As mulheres responsáveis pela implementação de ações na Unidade, tem visões distintas sobre o atendimento. Para uma delas, o atendimento é

considerado bom, “eu diria nota 8”, por que há um empenho da direção para que as políticas sejam implementadas, principalmente para atender as pressões impostas pelo órgãos federais. Para outra responsável a maternidade (espaço físico) é considerada boa, mas as práticas profissionais estão aquém das necessidades das usuárias. Uma das responsáveis tem posições bem claras sobre a assistência na maternidade, pois considera que não há respeito aos direitos de mulheres e acompanhantes e a assistência ao parto é um evento puramente técnico e sem a qualidade que seria esperada para uma instituição de referência. Para duas profissionais, o fato de ser um hospital de ensino contribui para que as práticas sejam repetidas e feitas às vezes sem critério. A mulher segundo a ótica de uma delas é “cobaia”.

A presença do acompanhante, no entanto, foi que suscitou mais discussões por parte das responsáveis.
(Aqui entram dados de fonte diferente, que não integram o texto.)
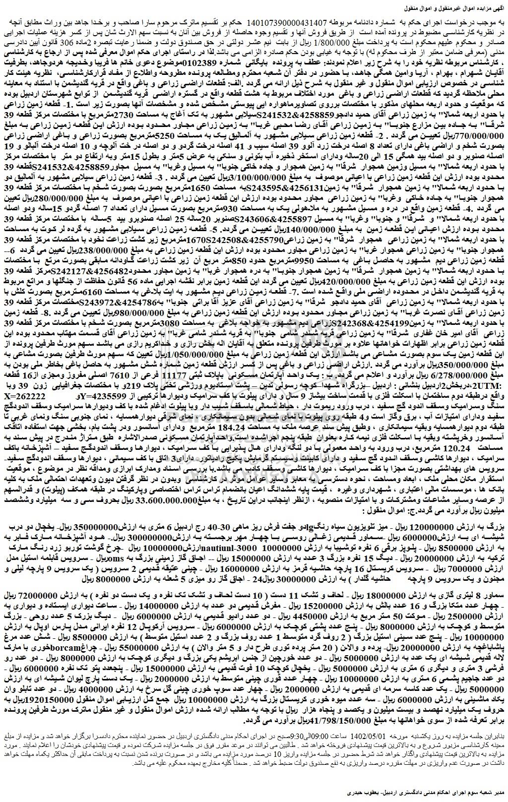 به موجب درخواست اجرای حکم به شماره دادنامه مربوطه 140107390000431407 حکم بر تقسیم ماترک مرحوم سارا صاحب و برخدا جاهد بین وراث مطابق آنچه در نظریه کارشناسی مضبوط در پرونده آمده است از طریق فروش آنها و تقسیم وجوه حاصله از فروش بین آنان به نسبت سهم الارث شان پس از کسر هزینه عملیات اجرایی صادر و محکوم علیهم محکوم است به پرداخت مبلغ 1/800/000 ریال از بابت نیم عشر دولتی در حق صندوق دولت و ضمنا رعایت تبصره 2ماده 306 قانون آیین دادرسی مدنی (معرفی ضامن معتبر از طرف محکوم له) با توجه به غیابی بودن حکم صادره الزامی می باشد.لذا در راستای اجرای حکم اموال معرفی شده پس از ارجاع به کارشناسی ، کارشناس مربوطه نظریه خود را به شرح زیر اعلام نمودند: عطف به پرونده بایگانی شماره 0102389موضوع دعوی خانم ها فریبا وخدیجه هردوجاهد، بطرفیت آقایان شهرام ، بهرام ، آریا وامین همگی جاهد، با حضور در دفتر آن شعبه محترم ومطالعه پرونده مطروحه واطلاع از مفاد قرارکارشناسی، نظریه هیئت کار شناسی در خصوص ارزیابی اموال منقول و غیر منقول به شرح ذیل ارائه می گردد .الف: قطعات اراضی زراعی و باغی واقع در قریه گندیشمن با استناد به معاینه محلی ملاحظه گردید که قطعات اراضی زراعی و باغی مورد اختلاف مربوط به هشت قطعه واقع در گستره اراضی قریه گندیشمن از توابع شهرستان اردبیل بوده که موقعیت و حدود اربعه محلهای مذکور با مختصات برروی تصاویرماهواره ایی پیوستی مشخص شده و مشخصات آنها بصورت زیر است .1- قطعه زمین زراعی سیلابی مشهور به تک آغاج به مساحت 2730مترمربع با مختصات مرکز قطعه 39S241532&4258859با حدود اربعه شمالا" به زمین زراعی آقای حمید دادجو شرقا" به جاده بین مزارع جنوبا" به زمین زراعی آقای رضا محبی غربا" به زمین زراعی مجاور محدود بوده ارزش این قطعه زمین زراعی به مبلغ 770/000/000ریال تعیین می گردد . 2- قطعه زمین زراعی سیلابی مشهور به آلمالیق یک به مساحت 5250مترمربع بصورت زراعی و باغی اراضی زراعی بصورت شخم و اراضی باغی دارای تعداد 8 اصله درخت زرد آلوو 39 اصله سیب و 41 اصله درخت گردو و دو اصله در خت آلوچه و 10 اصله درخت آلبالو و 19 اصله صنوبر و دو اصله بید همگی 15 الی 20ساله ودارای استخر ذخیره آب بتونی و سنکی به عرض 5متر و بطول 15متر وبه ارتفاع دو متر با مختصات مرکز قطعه 39S241532&4258859با حدود اربعه شمالا" به مسیل وزمین همجوار شرقا" به زمین همجوار و جاده خاکی جنوبا" به مسیل وغربا" به مسیل مجاور محدود بوده ارزش این قطعه زمین زراعی با اعیانی موصوف به مبلغ 3/100/000/000ریال تعیین می گردد . 3- قطعه زمین زراعی سیلابی مشهور به آلمالیق دو به مساحت 1650مترمربع بصورت بصورت شخم با مختصات مرکز قطعه 39S243595&4256131با حدود اربعه شمالا" به زمین همجوار شرقا" به زمین همجوار جنوبا" به جاده خاکی وغربا" به زمین زراعی مجاور محدود بوده ارزش این قطعه زمین زراعی با اعیانی موصوف به مبلغ 280/000/000ریال تعیین می گردد .4- قطعه زمین واقع در دره و مسیل مشهور به ملاهولی یک به مساحت 930مترمربع بصورت مسیل دارای تعداد 7 اصله گردو 15ساله ودو اصله صنوبر 20ساله 25 اصله صنوبرو بید 5ساله با مختصات مرکز قطعه 39S243606&4255897با حدود اربعه شمالا" و شرقا" و جنوبا" وغربا" به مسیل محدود بوده ارزش اعیانی این قطعه زمین به مبلغ 140/000/000ریال تعیین می گردد. 5- قطعه زمین زراعی سیلابی مشهور به گرده لر کوت به مساحت 1670مترمربع زیر کشت زراعت نخود با مختصات مرکز قطعه 39S242508&4255790با حدود اربعه شمالا" به زمین زراعی همجوار شرقا" به زمین زراعی همجوار جنوبا" به زمین زراعی همجوار غربا" به زمین زراعی مجاور محدود بوده ارزش این قطعه زمین زراعی به مبلغ 238/000/000ریال تعیین می گردد 6-- قطعه زمین زراعی دیم مشهور به حاصل باغی به مساحت 9950مترمربع حدود 850متر مربع آن زیر کشت زراعت گاودانه مابقی بصورت مرتع با مختصات مرکز قطعه 39S242127&4256482با حدود اربعه شمالا" به زمین همجوار شرقا" به زمین همجوار جنوبا" به دره همجوار غربا" به زمین مجاور محدود بوده ارزش این قطعه زمین زراعی به مبلغ 420/000/000ریال تعیین می گردد این قطعه زمین

A inserção do acompanhante no parto, ainda não é isenta de conflitos, aparece ora como o grande marco em relação à humanização na maternidade, como sujeito importante para a mulher, mas também aparece como elemento perturbador, despreparado, inclusive colocado como empecilho para o processo de humanização dentro da instituição.
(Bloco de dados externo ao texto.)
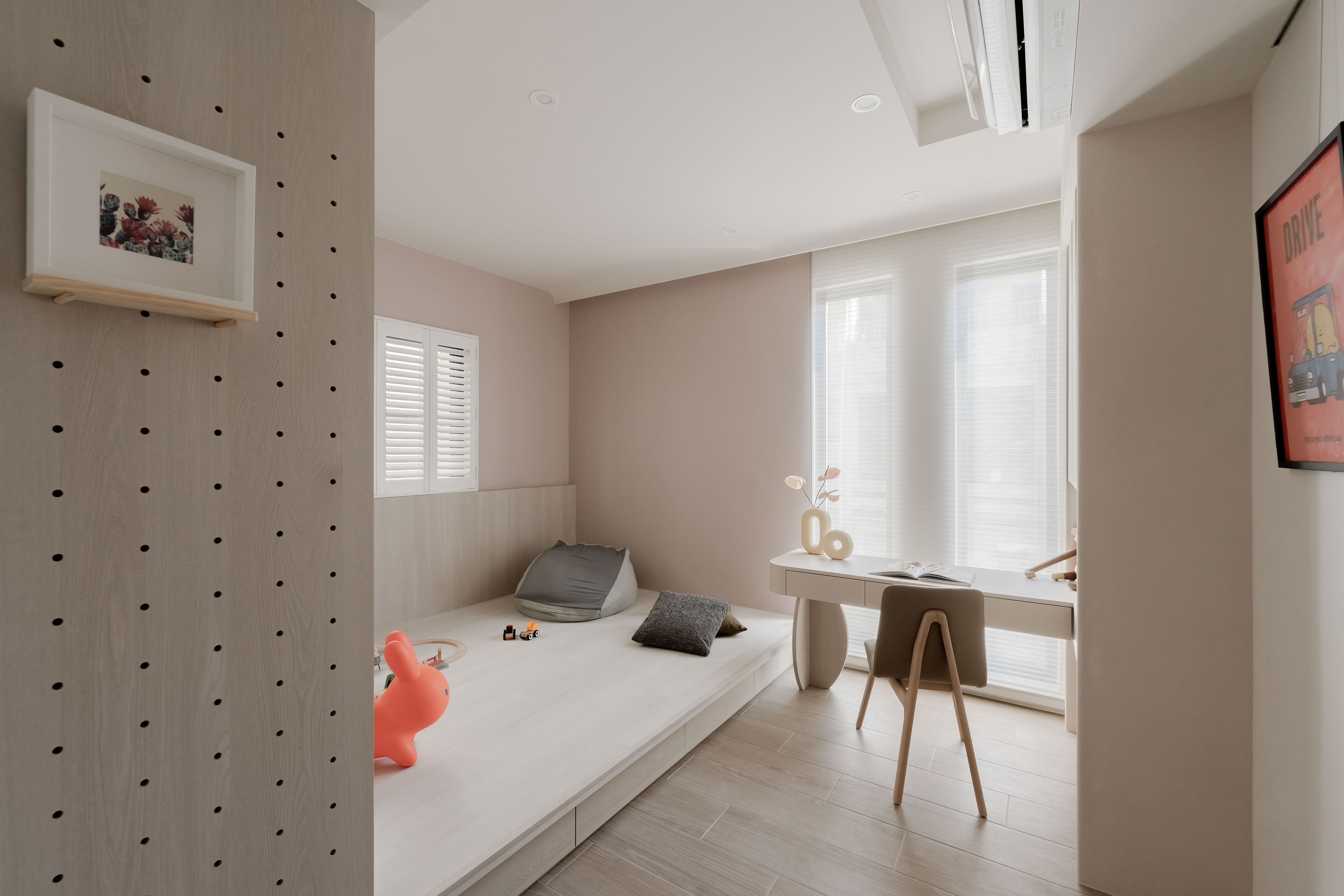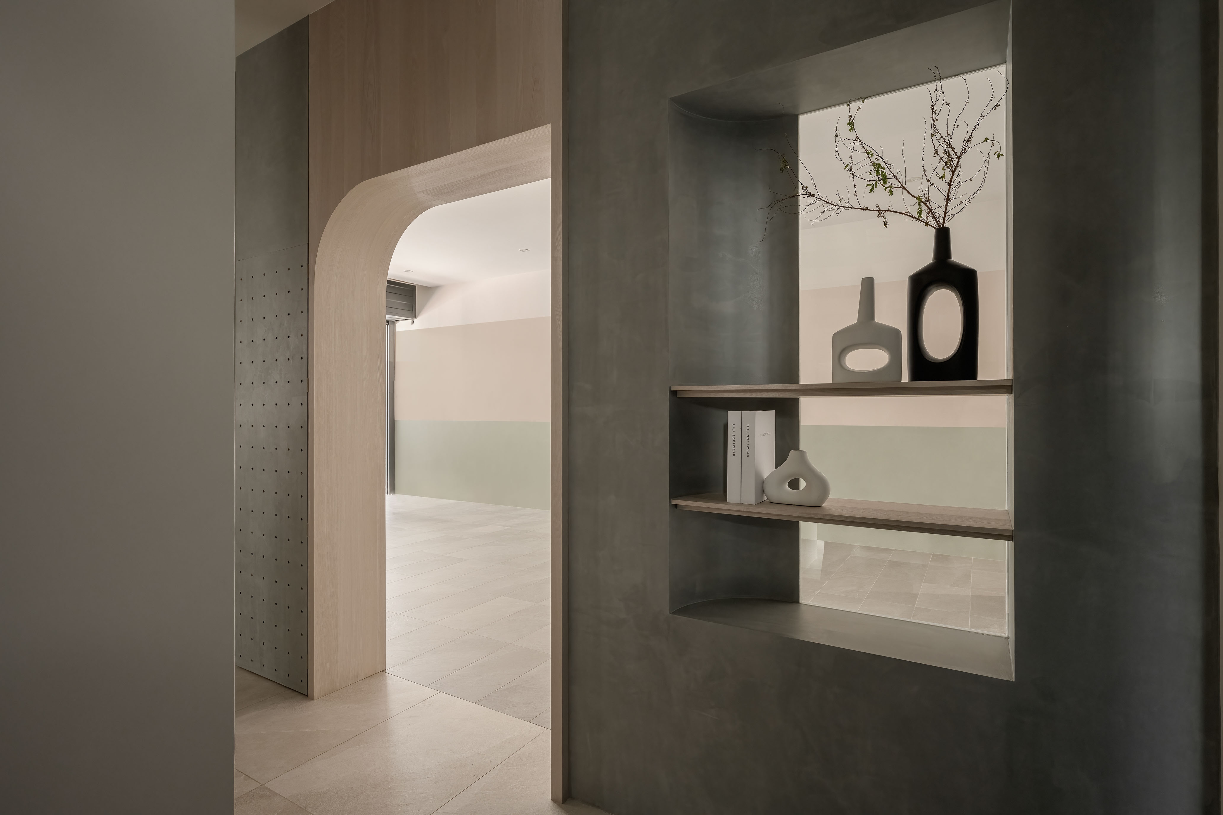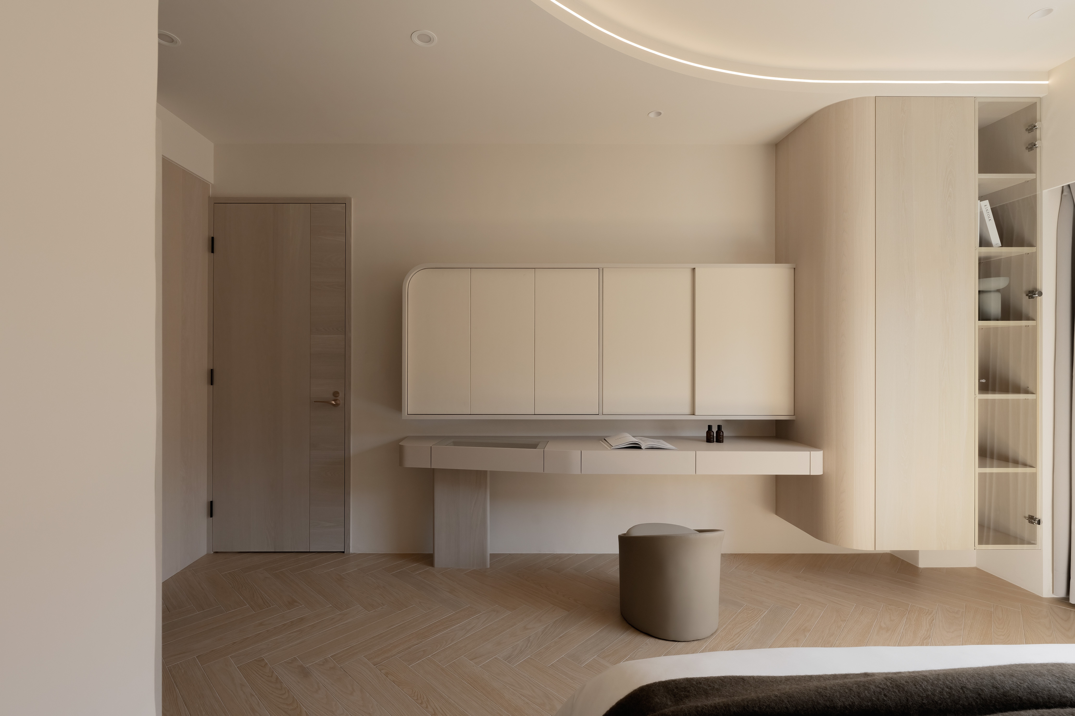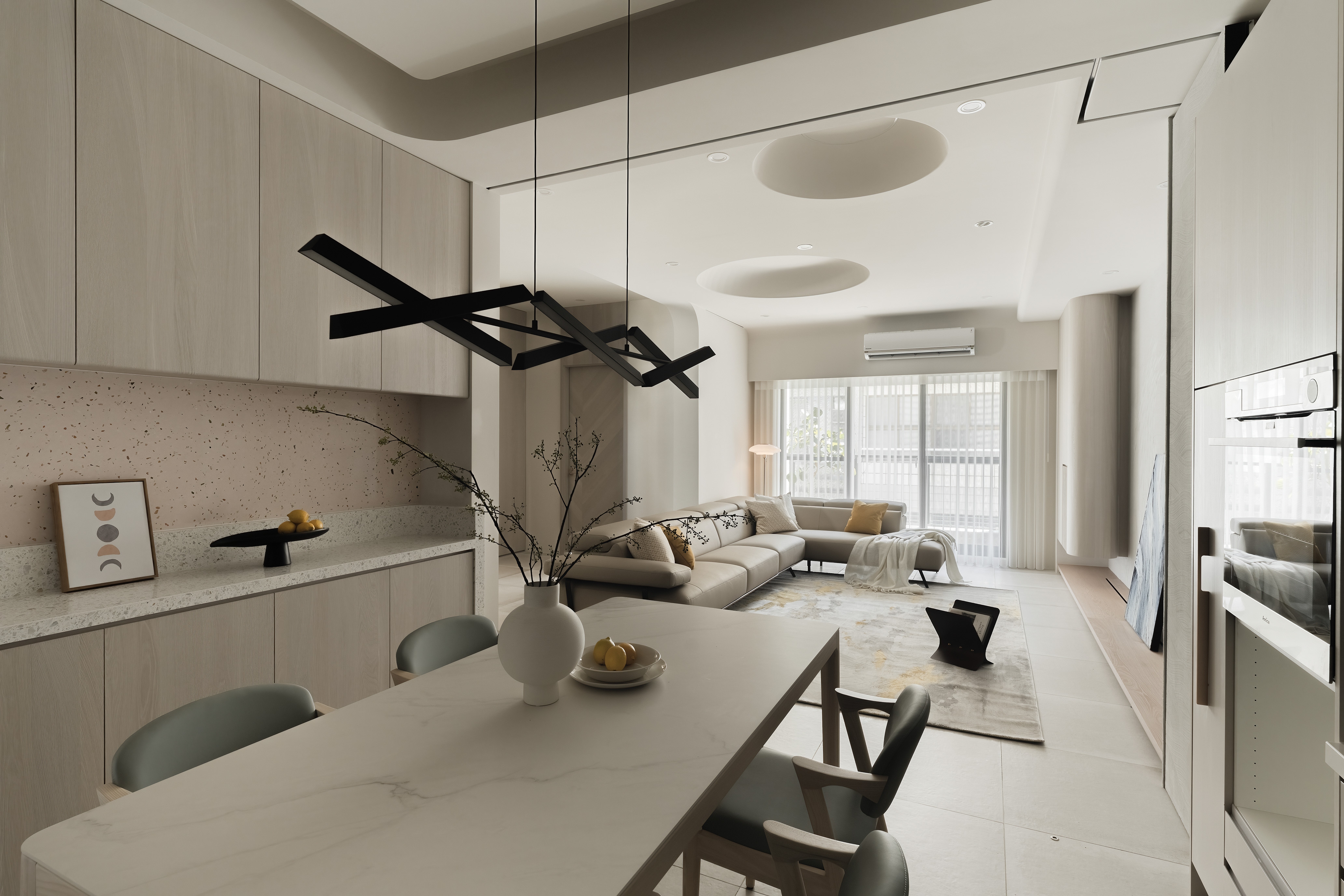 This 290 sqm, four-story townhouse, originally two narrow 30-year-old structures, was transformed into an open, airy family haven. The design emphasizes warmth, longevity, and family connection, using natural wood tones, soft-gray palettes, and high-quality coatings like Italian art paint and Japanese humidity-regulating paint. Curves and circles are a pervasive motif, seen in a 3-meter-tall entryway storage unit, a concealed bathroom cabinet, an egg-shaped display cabinet, and circular ceiling cutouts symbolizing the family of four. Children's growth was a key consideration, with flexible room designs and playful elements. Despite renovation challenges, natural light and ventilation are prioritized, with strategic blinds reportedly reducing indoor temperatures. The residence is a narrative of family, growth, and enduring design.

O que eu vejo é que os acompanhantes eles se omitem a acompanhar a gestante durante o pré-natal que é o período importantíssimo da gestação e passam a desconhecer as etapas do parto (GDELTA).

A fala da responsável deixa em evidência a percepção dos usuários como pessoas destituídas de saber, pois o conhecimento só ocorre dentro do espaço da instituição, portanto, os sujeitos ao não comparecerem à esse espaço passam a ser considerados omissos. A mesma responsável, ajunta sobre qual deveria ser o papel do profissional na instituição e do acompanhante:

“tem que dar informação sobre o que é a gestação, como é o trabalho de parto, como vai se desenvolver e o acompanhante tem que tá lá nesse momento que é o momento em que a gente prepara para ele ser um acompanhante, vamos dizer assim, ideal para esta mulher durante o trabalho de parto (GDELTA).

A normatização explícita na fala da responsável, mostra como a sociedade disciplinar está presente no cotidiano dos usuários da instituição.

Na visão da gestora, a questão da presença do acompanhante está afeita às seguintes dimensões: o acompanhante deve ter a característica do tipo ideal de

pessoa, sempre presente, seguindo as orientações determinadas, precisa ser preparado para ser um acompanhante. As cores fortes da normatização e controle estão na visão de GDelta:

“...porque aquela pessoa não entende o processo, porque acha que está demorando demais, que a gestante está sofrendo demais, insiste para que se coloque a gestante para que se opere imediatamente para sair dali o mais rápido possível”.

Essa condição de preparo prévio do acompanhante vem sendo uma “bandeira” das instituições e profissionais de saúde desde antes do advento da Lei do Acompanhante.

O trabalho de Lima et al (2011), realizado em São Luís, indicou essa situação. Os profissionais, ainda que receptivos à presença do acompanhante, entendem que os mesmos precisam de preparo para permanecerem na instituição. As questões levantadas no trabalho impõem que a acompanhante precisa não só acompanhar todo o processo de gestação, mas também ser preparado para o acontecimento do parto. Além disso, ficou evidenciado naquele trabalho que os acompanhantes são vistos por um lado como capazes de proporcionar segurança, mas também atrapalhar o trabalho da equipe e levar insegurança para a mulher.

Para Zeta há um descompasso entre a Lei e a prática na maternidade entendendo que as regras impostas no interior da instituição retiram os direitos dos usuários:

“...não há flexibilização da regra, não é bom para o paciente. Então, só pode o paciente do sexo tal, só pode consultar em determinado horário, então o paciente por que ele não tem o paciente o do sexo tal, exigido na hora tal, e a Lei não diz isso, a Lei diz que tem direito a acompanhamento nas 24hs e é limitado também as dependências (GZETA).

Os profissionais lutam para se adequar à uma realidade estabelecida por lei. Os conflitos permanecem para inserção desse sujeito na instituição.